September 26, 2006

Arctic lake melts out of sea ice into ocean

By Frank D. Roylance
The Baltimore Sun

Something unusual is going on in the Beaufort Sea, a remote part of the Arctic Ocean north of Alaska. Over the past six weeks, a huge "lake" bigger than the state of Indiana has melted out of the sea ice.

Within the past week, this "polynya" - a Russian word for any open water surrounded by sea ice - finally melted through a part of the ice that separated it from the open ocean, forming a kind of bay in the planet's northern ice cap."

The reason we're tracking it is because we had never seen anything like that before," said Mark C. Serreze, senior research scientist at the National Snow and Ice Data Center in Boulder, Colo.Polynyas occur every year in certain parts of the Arctic where warm currents and persistent winds clear swaths of sea ice.

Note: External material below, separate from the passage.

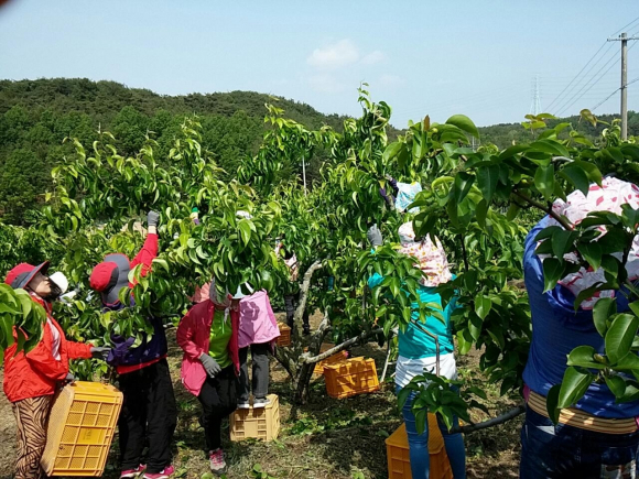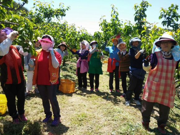 생활개선포항시연합회 중부회(회장 정영희) 회원 30여명은 17일 북구 장량동 이원배 농가의 배나무 밭에서 과수 열매솎기 등 농촌일손돕기에 나섰다.

But this one, covering 38,000 square miles, is unique in the memory of scientists who watch the Arctic ice closely because they see it as a bellwether for the effects of global warming. They've found that the area of the summer ice cap has been shrinking for at least three decades, and it's getting thinner, too.

Last year, scientists at NASA and the NSIDC reported the most extensive summer meltdown of Arctic sea ice on record, and an acceleration in the rate of its long-term decline.In a new study reported last week, NASA researcher Josefino Comiso found that the Arctic's winter ice is also in decline, and at an accelerating rate.

The ice cap is crucial because it helps regulate the planet's temperature. Its bright surface reflects 80 percent of the solar energy that strikes it, sending it back into space.

As of Tuesday, NSIDC reported that the summer sea ice this year had shrunk to the fourth-smallest September minimum on record.